OpenClaw Mem Engine (slot backend) — Design + Roadmap¶
Working name: openclaw-mem-engine
Scope: an optional OpenClaw memory slot backend plugin shipped alongside
openclaw-mem.
TL;DR (big picture)¶
openclaw-mem stays the sidecar (capture, governance, observability, grading, receipts).
openclaw-mem-engine becomes an optional slot owner (replaces memory-lancedb when enabled) so we can:
- do hybrid recall (FTS + vector) with scopes & metadata filters,
- make recall behavior auditable + tunable (receipts, knobs, policies),
- add safe M1 automation: conservative
autoRecall+ strictautoCapture(configurable), - and actually exploit LanceDB features that the official
memory-lancedbbackend doesn’t surface.
Rollback remains trivial: switch plugins.slots.memory back to memory-lancedb or memory-core.
Why we’re doing this¶
Observed gap:
- The official
memory-lancedbplugin uses LanceDB mostly as a basic vector store (vectorSearch) and does not expose: - full-text search (FTS; BM25 scoring),
- hybrid fusion/rerank,
- scope-aware metadata filtering + scalar indexes,
- index lifecycle/optimize,
- version tags / easy rollback.
Operator goal (what CK cares about):
- “Concept/goal → the right decisions/preferences/projects” should be reliably retrievable.
- Retrieval must be controllable (scope, importance, recency) and explainable (why these results).
Product shape (two planes)¶
Plane A — Mem Ops (sidecar, always-on)¶
Owned by openclaw-mem:
- capture (tool outcomes, optional message events)
- ingestion into SQLite ledger
- importance grading + drift detection
- provenance / trust tiers
- receipts & dashboards
- (future) context packing / graph view
Plane B — Mem Engine (slot backend, optional)¶
Owned by openclaw-mem-engine:
- implements OpenClaw canonical memory tools for the active slot:
memory_storememory_recallmemory_forget- exposes operator/admin tools for parity workflows:
memory_listmemory_statsmemory_exportmemory_import- CLI compatibility layer:
openclaw memory list|stats|export|import(when plugin CLI wiring is available)-
fallback:
openclaw ltm list|stats|export|import -
uses LanceDB as the online store for fast retrieval & hybrid search.

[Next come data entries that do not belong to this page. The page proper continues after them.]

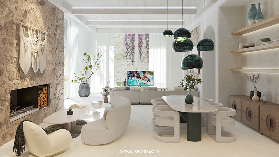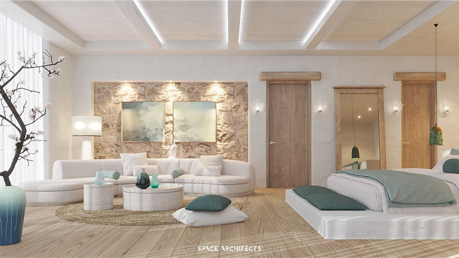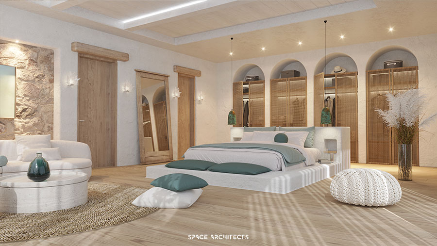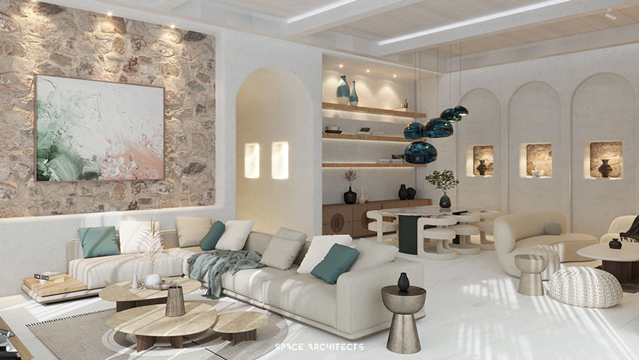 Infusing the charm of Mykonos into the heart of Kuwait! Embrace the Mykonos style, and immerse yourself in a captivating blend of Mykonos colors at our splendid complex of 5 villas. Each villa in Kuwait is a masterpiece of ethnic and Mediterranean styles. Natural materials and earthy colors create an enchanting atmosphere. Welcome to the world of luxury living with a touch of Mykonos magic
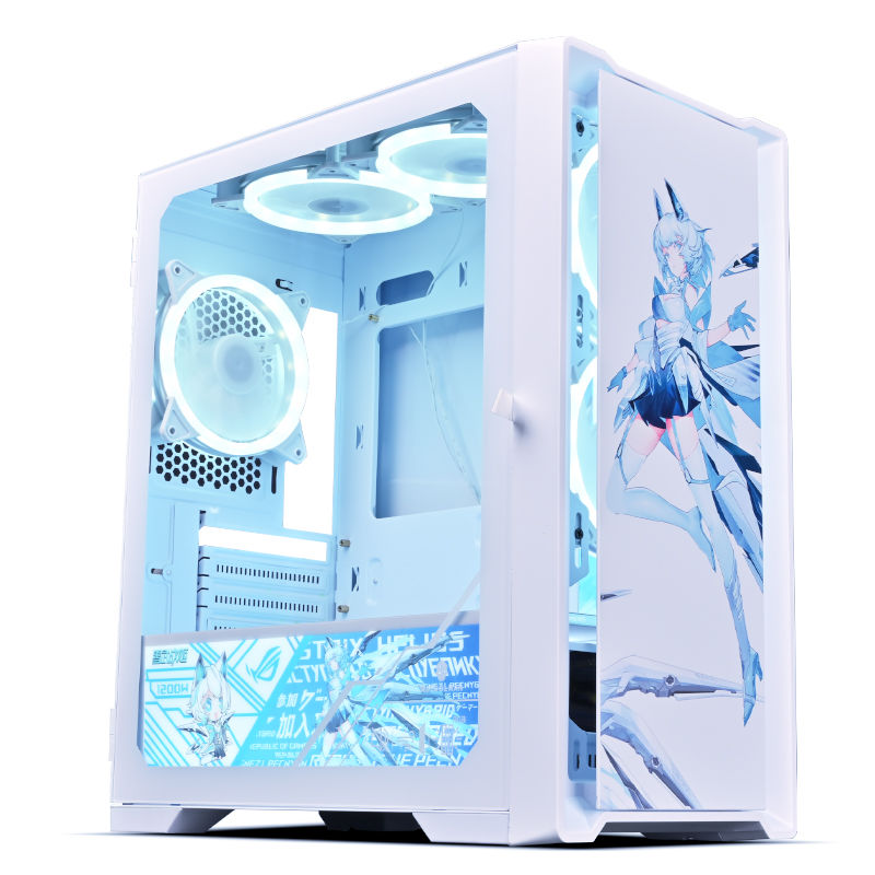 這款機箱有很多型號,除了黑白基本配色外還有二次元定製的,根據自己需求選一下,買之前記得看好尺寸,自己主板、顯卡放不放得進去,最好買個米尺自己量一下,包括桌面放機箱的尺寸。
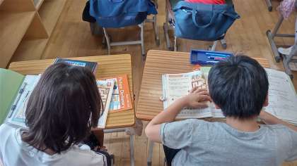 5年生の英語でアルファベットの書き方の練習をしていました。「A、B、C・・・」と一文字ずつアルファベットの発音を聞きながら、罫線に合わせて書いていました。
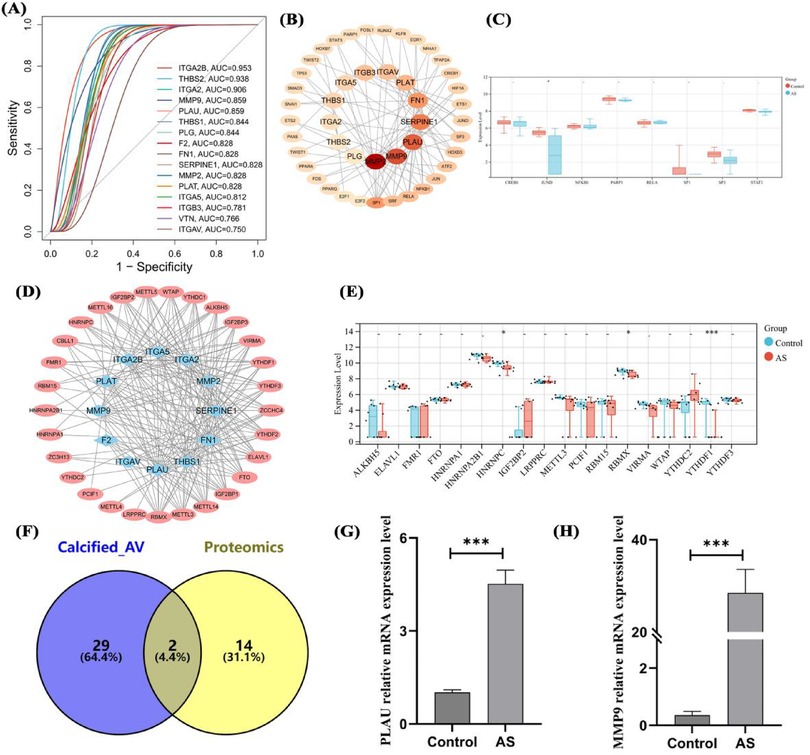 Figure 6. Diagnostic efficacy, transcriptional regulation, RNA modification, and expression validation of hub genes. ROC curves of hub genes in proteomics (A), transcriptional regulatory network (B) and expression analysis (C) of hub genes, m6A modification (D) and expression analysis (E) of hub genes, intersection analysis of transcriptomic DEGs and hub genes (F), and mRNA expression validation of overlapping genes (G,H). Sample size: Control group (n = 8); AS group (n = 8). differences in mean values between the control group and AS group were analyzed using an independent samples t-test. Statistical significance was set at P < 0.05.
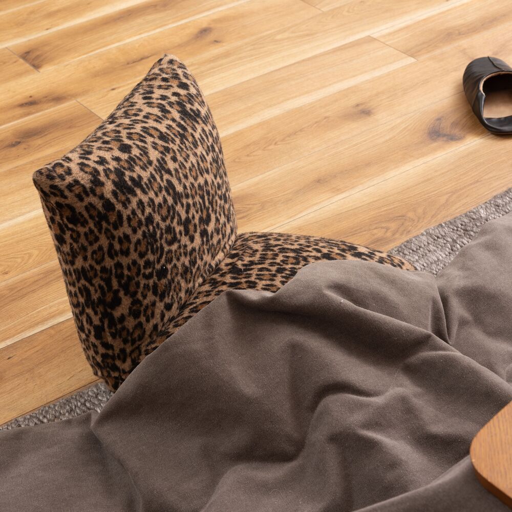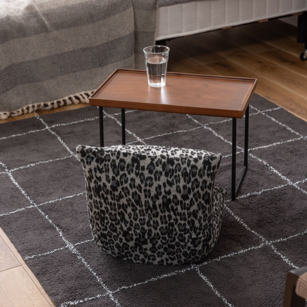 お部屋にアクセントを効かせる、愛らしいレオパード柄のコンパクトなフロアチェア。
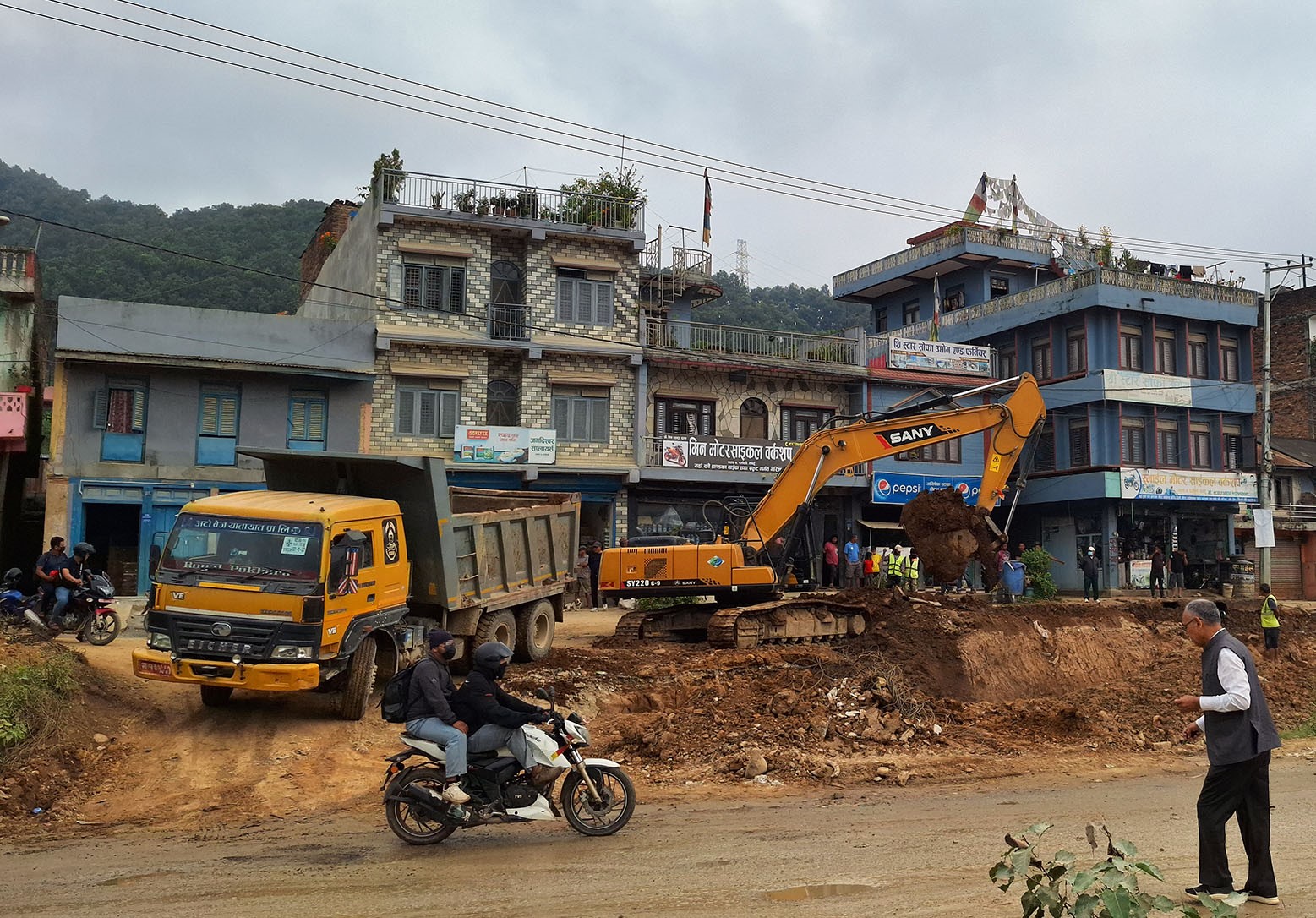 विवाद समाधानपछि दमौली बजारमा सडक विस्तारले गति लियो
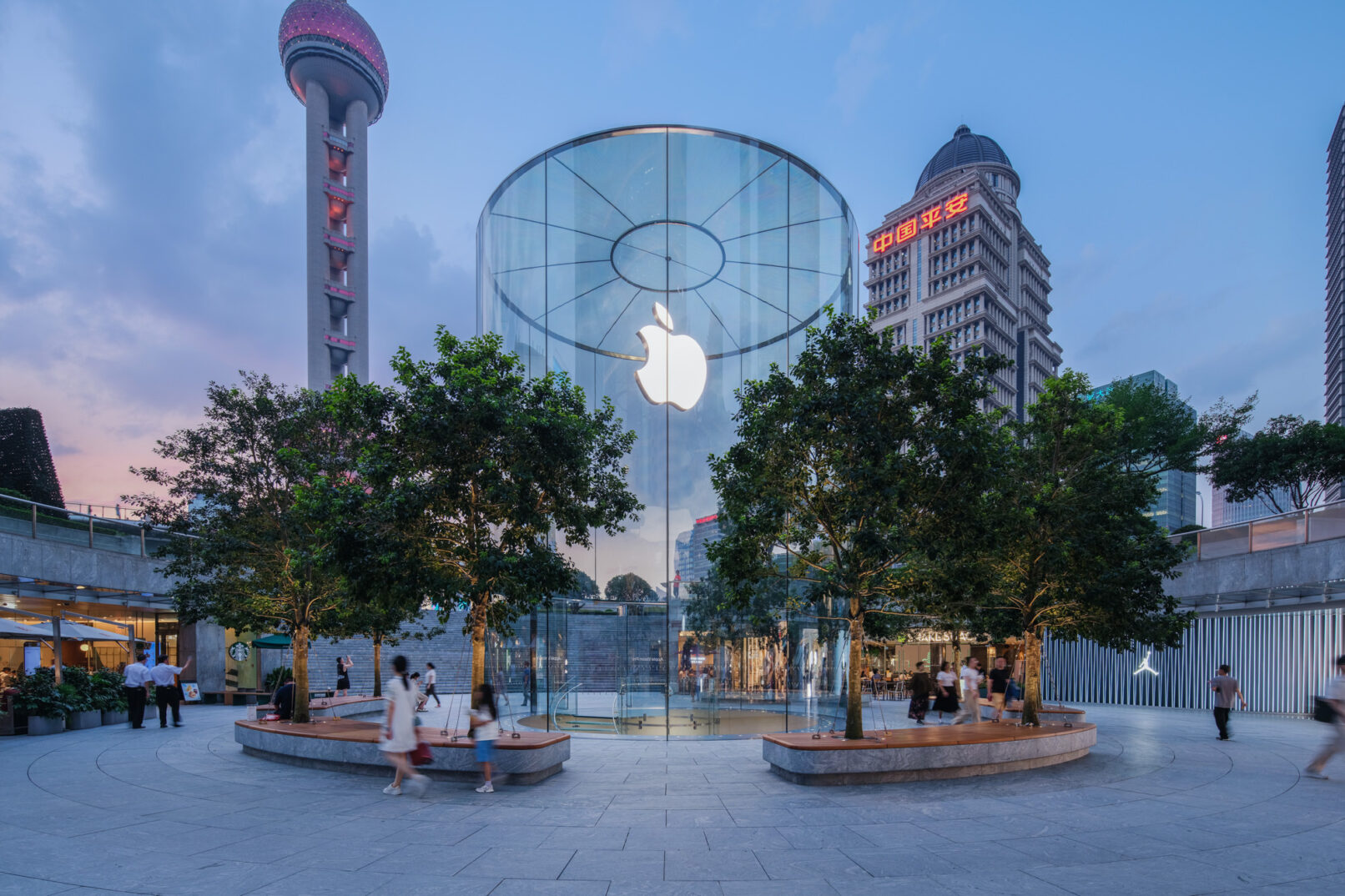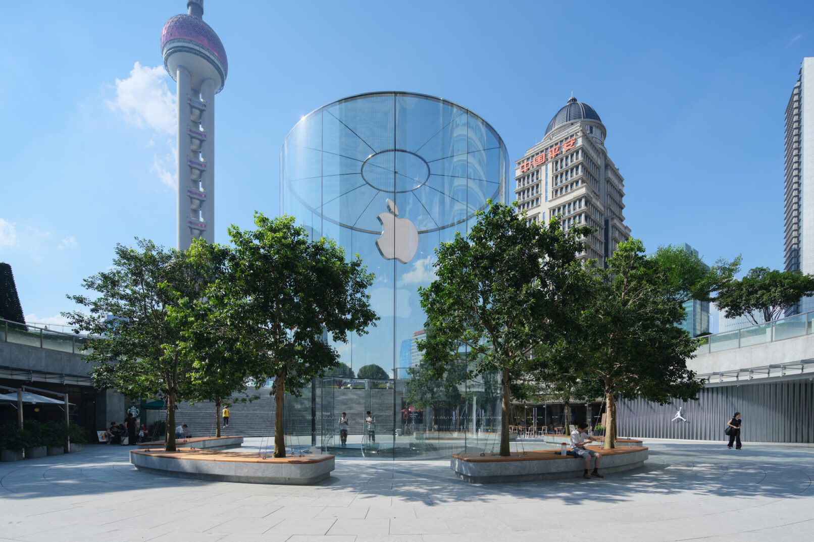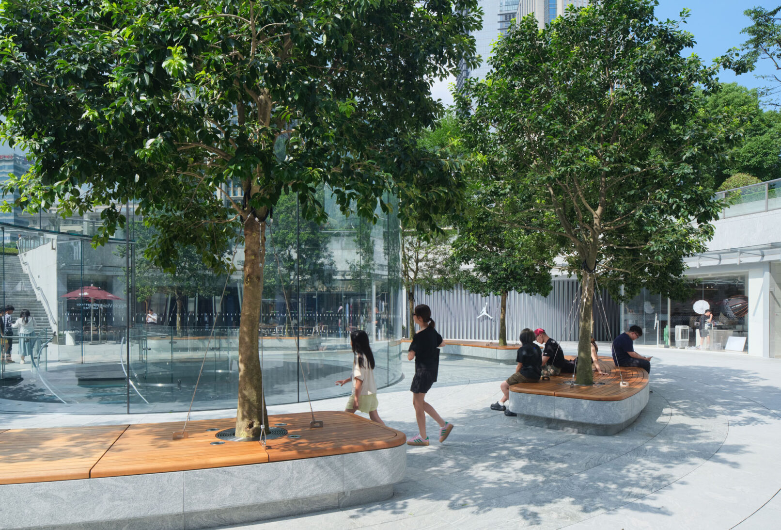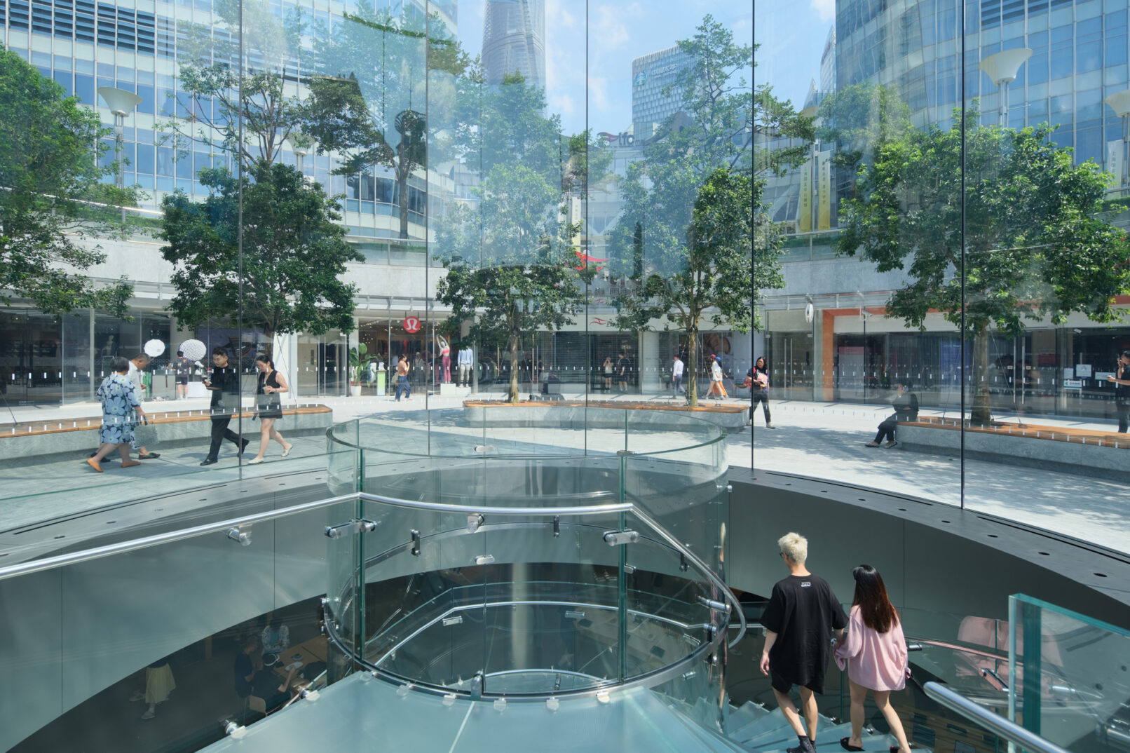 位于上海浦东的苹果Apple store,外场景观提升和幕墙更新升级,景观设计来自WAA+
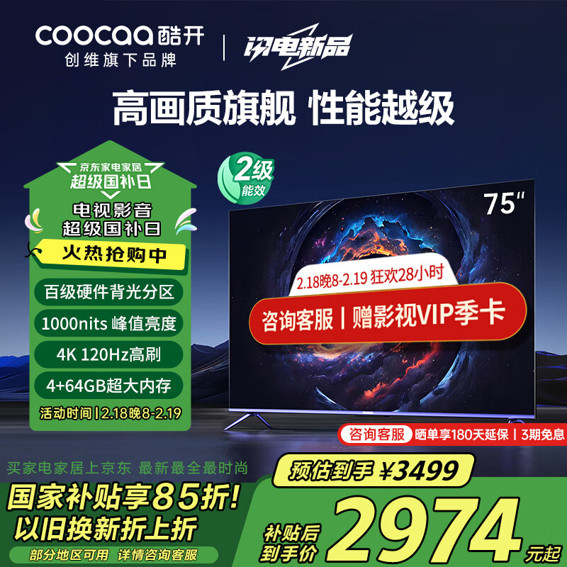 酷开创维Max75 75英寸电视 百级分区 1000nits峰值亮度 4+64GB 120Hz高刷护眼声控游戏智能电视机75P5E价格:3499.00元!
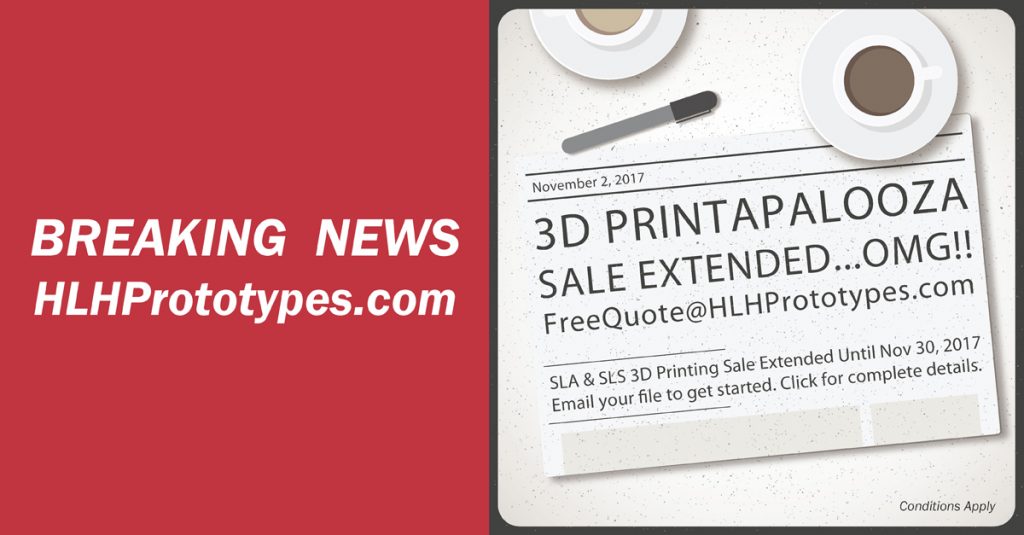 Prototypes3D Printapalooza at HLH is extended until November 30, 2017. Too many of our customers are enjoying this sale, so we just couldn't end it! Program...

Key stance: sidecar governs; engine serves.
M1 automation (what is safe to ship now)¶
autoRecall (conservative)¶
- Hook:
before_agent_start - Default: on (but gated by heuristics)
- Behavior:
- skip trivial prompts (greetings/ack/emojis/HEARTBEAT/slash commands)
- robust to trailing emoji/punctuation (e.g.
好的👌,ok👍,hi~,收到!!) - punctuation-only prompts also skip (e.g.
?,…)
- robust to trailing emoji/punctuation (e.g.
- recall tiers:
must_remember→nice_to_have→ (optional)unknownfallback - cap: <=6 memories
- escapes memory text to reduce prompt-injection risk
- emits bounded lifecycle receipt (
openclaw-mem-engine.recall.receipt.v1) with skip reason / tier counts / top IDs - in
receipts.verbosity=high, injects a compact autoRecall wrapper comment (IDs only; no memory text in receipt)- default
lowkeeps receipts in logs only (no prompt-side comment)
- default
autoCapture (strict)¶
- Hook:
agent_end - Default: on (but strict allowlist)
- Behavior:
- capture only a small number of items (1–4 per turn)
- default categories:
preference,decision - skip tool outputs; prefer user text; skip secrets-like strings
- dedupe near-identical items
- emits bounded lifecycle receipt (
openclaw-mem-engine.autoCapture.receipt.v1) with extracted/filtered/stored counts
Rollback¶
One line:
- set plugins.slots.memory back to memory-lancedb (or memory-core) and restart gateway.
Receipt controls (P0-2)¶
receipts.enabled(defaulttrue)receipts.verbosity(lowdefault,highoptional)receipts.maxItems(default3, hard cap10)
Design constraints:
- receipts are bounded/deterministic by default
- no memory text is emitted in receipt payloads by default (IDs + scores only)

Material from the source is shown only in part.